This is the code repository for the manuscript "Deep Learning Applied to Chest X-Rays: Exploiting and Preventing Shortcuts" and video.

Directory structures

  • preprocess_mimic_attributes/: contains a script to link MIMIC-CXR and MIMIC-IV to extract attribute features. Note that the link between MIMIC-CXR and MIMIC-IV was not publicly available at the time of publication, so this was added after the fact to enable other researchers to recreate more of our experiments.

  • preprocessing/ contains code for subsampling the datasets or assigned bias label for synthetic image preprocessing experiments

  • dataset/ contains data loaders

  • model/ contains model loader

  • standardizers/ is where the mean and standard deviation should be saved if you're standardizing to a subset of the data (e.g., when there is too much data to load onto disk)

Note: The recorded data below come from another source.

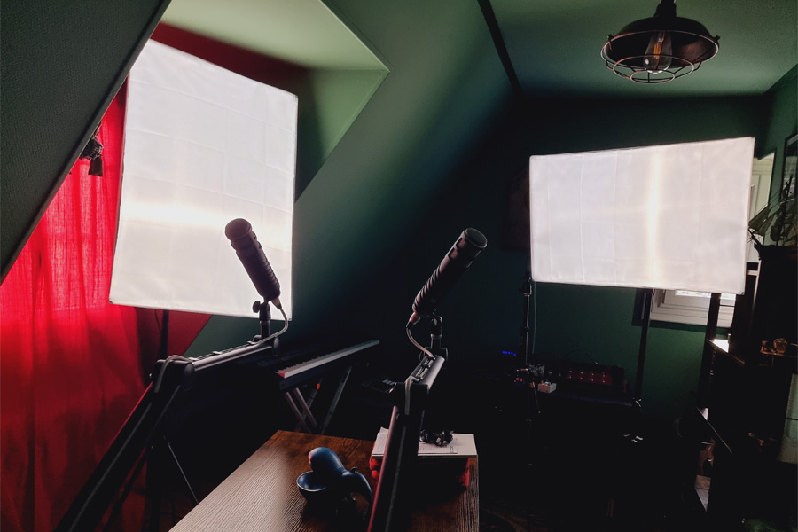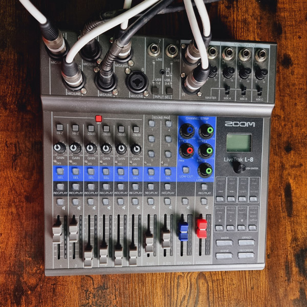 Le son est enregistré sur un « Zoom Podtrak P8 » pour votre podcast et sur un « Zoom Livetrak L8 » pour les musiciens (chant/guitare ou chant/piano). La vidéo quant à elle se fait sur un « Samsung s23 ultra » voire deux.
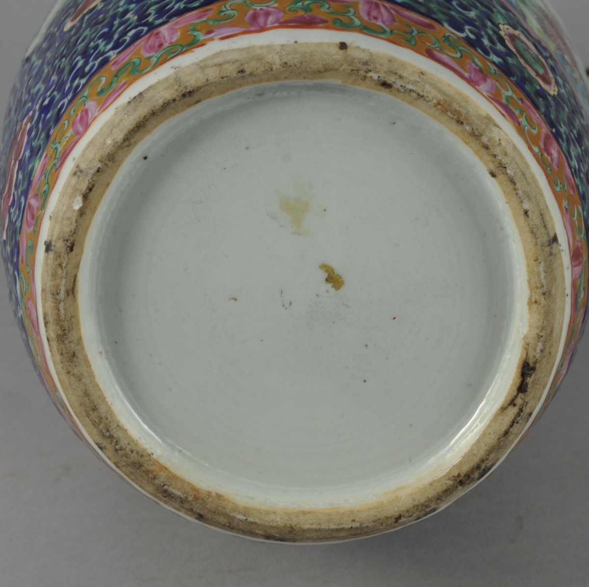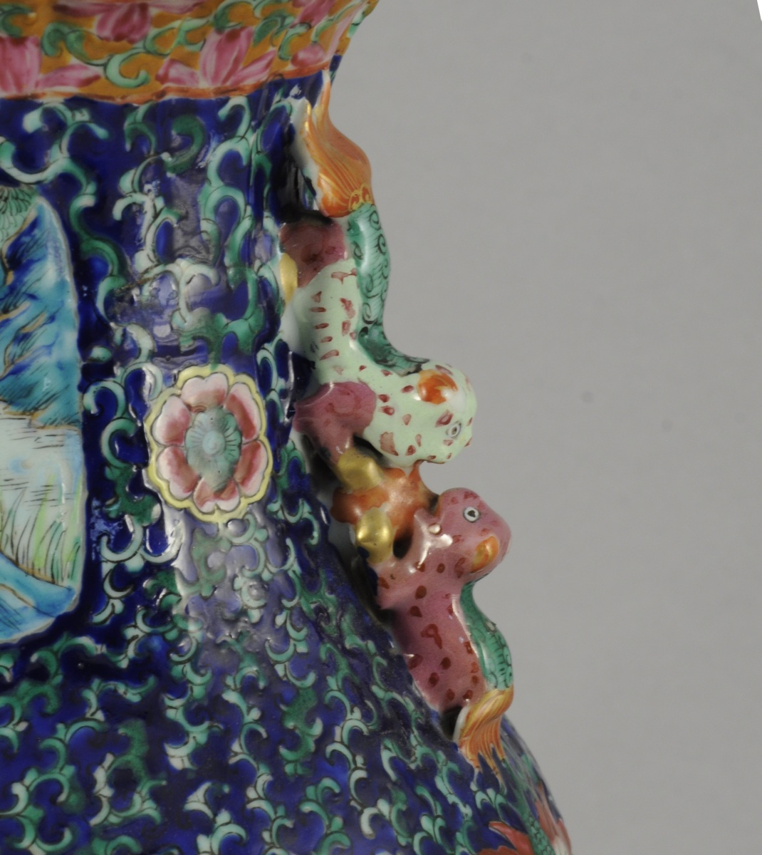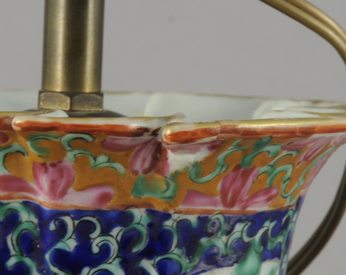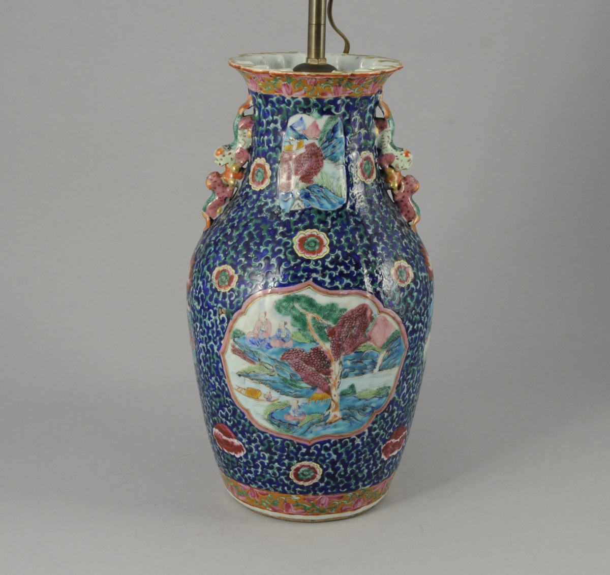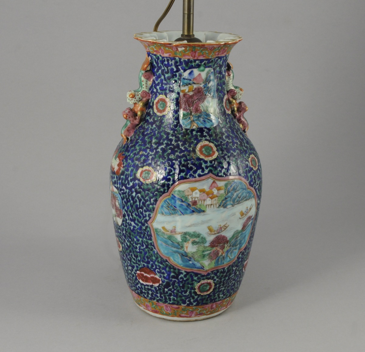 VASE en porcelaine monté en lampe. Décor polychrome de scènes lacustres. Les anses adoptent la forme de deux chiens se disputant une boule. Chine, XXème. Haut. 33, Diam. 18 cm. (petits éclats et petite restauration au col)
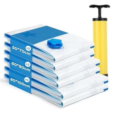 [Multi-Size Set Included]: Package contains 6pcs vacuum storage bags (2* 50×70 cm + 2*60×80 cm + 2*80×100 cm + 1* hand pump). Perfect for clothes, duvets, blankets, pillows, and bedding storage in home or travel [Space Saving Compression]: Strong seal and valve let thes space saver vacuum bags shrink bulky items, maximizing closet space and making storage or moving more convenient [Clean & Dry Protection]: Vacuum storage bags for clothes keep clothes and bedding safe from dust, damp, odors, and insects. Ideal for long-term seasonal storage while keeping items fresh and clean [Durable PA+PE Material]: Vacuum storage bags for duvets made of strong PA+PE, tear-resistant and long-lasting. Transparent design makes items visible. Easy to compress with hand pump or electric pump; for extra-large bags we recommend using a vacuum cleaner [Portable & Reusable]: Compact after sealing, easy to carry for moving, travel, or home use. Eco-friendly suction bags for storage are reusable, no-odor, and designed for repeated use
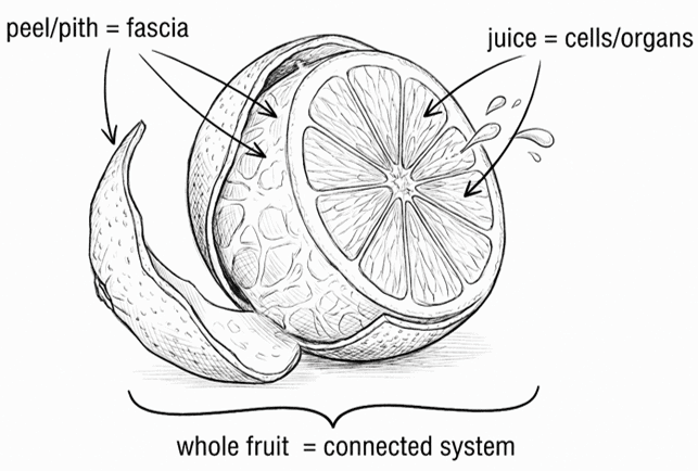 When you cut it, you see the peel. The white stringy stuff underneath. The thin walls between each section. That’s fascia. it surrounds the entire fruit, isn’t it?
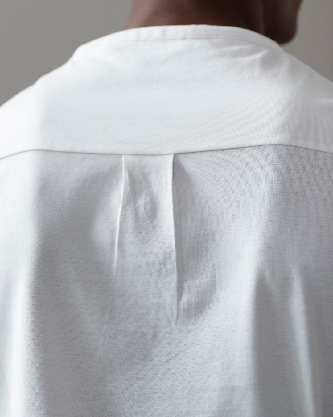 Made from organic cotton, with 175GSM and a structured feel – designed with a back-pleat for increased movement, a subtle curved hem and split sides.
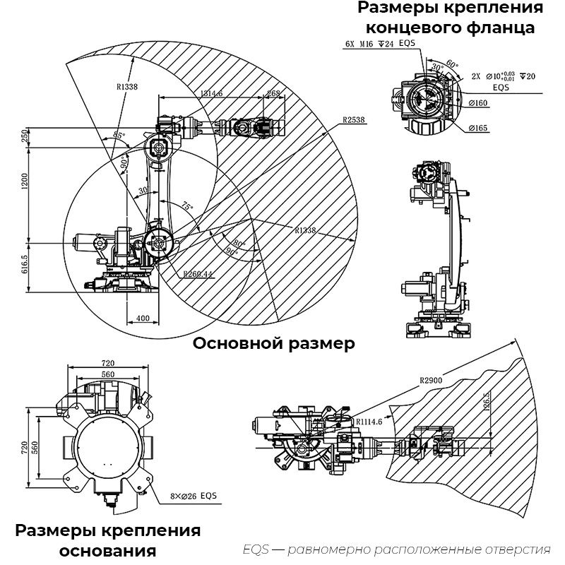 Максимальный размах манипулятора составляет 3168 мм. Такой огромный радиус действия позволяет одной роботизированной ячейке обслуживать сразу несколько производственных станций, станков с ЧПУ или термопластавтоматов. Это значительно упрощает интеграцию робота в существующие линии и позволяет рационально использовать площадь цеха с минимальными перемещениями основания.
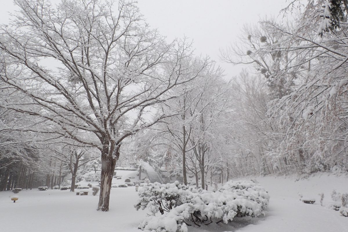 西岡公園は15~20cmくらいの積雪となりましたが、湿った雪&風によって落雪や枝折れの可能性があります。

Download and Process the Data

Follow directions to download the MIMIC-CXR, MIMIC-IV, and CheXpert datasets

Run resampling_skewed_unskewed.ipynp in preprocessing/ to subsample the data into skewed and unskewed datasets

Run assumption_relaxation_bias_assignment.ipynp and random_bias_assignment.ipynb in preprocessing/synthetic_shortcuts/ to assign bias labels, and then apply_filter.ipynb to apply the Gaussian filter to the images

Running the code

Config file

Pre-specified arguments can be set in config.json:

Required arguments:

  • csv_file: Path to metadata file.
  • checkpoint: Path to file location where model checkpoints will be saved.
  • labels: column name in the metadata files of the target classes. These can be separated by "|" (e.g., CHF|Pneumonia)
  • rotate degrees: degrees of rotation to use for random rotation in image augmentation.
  • disk: if disk = 1, all images will be loaded into memory before training. Otherwise during training images will be fetched from disk.
  • mask : mask = 1 if masked loss will be used (i.e., if there are missing labels). All missing labels in the metadata file should be set to -1.
  • early_stop: early_stop = 1 if early stopping criteria will be used. Otherwise model will train to 3 epochs.
  • pretrain: Whether or not to use an initialization. If pretrain is "yes", then ImageNet initialization will be used unless a pretrain file is specified. Otherwise, pretrain should be "random"
  • pretrain_file: file path to pretrained model (i.e., source task model or pretrained model on MIMIC-CXr and CheXpert)
  • pretrain_classes: number of target labels pretrain model had
  • loader_names : list of split names (i.e., ["train", "valid", "test"]). You do not have to include "test".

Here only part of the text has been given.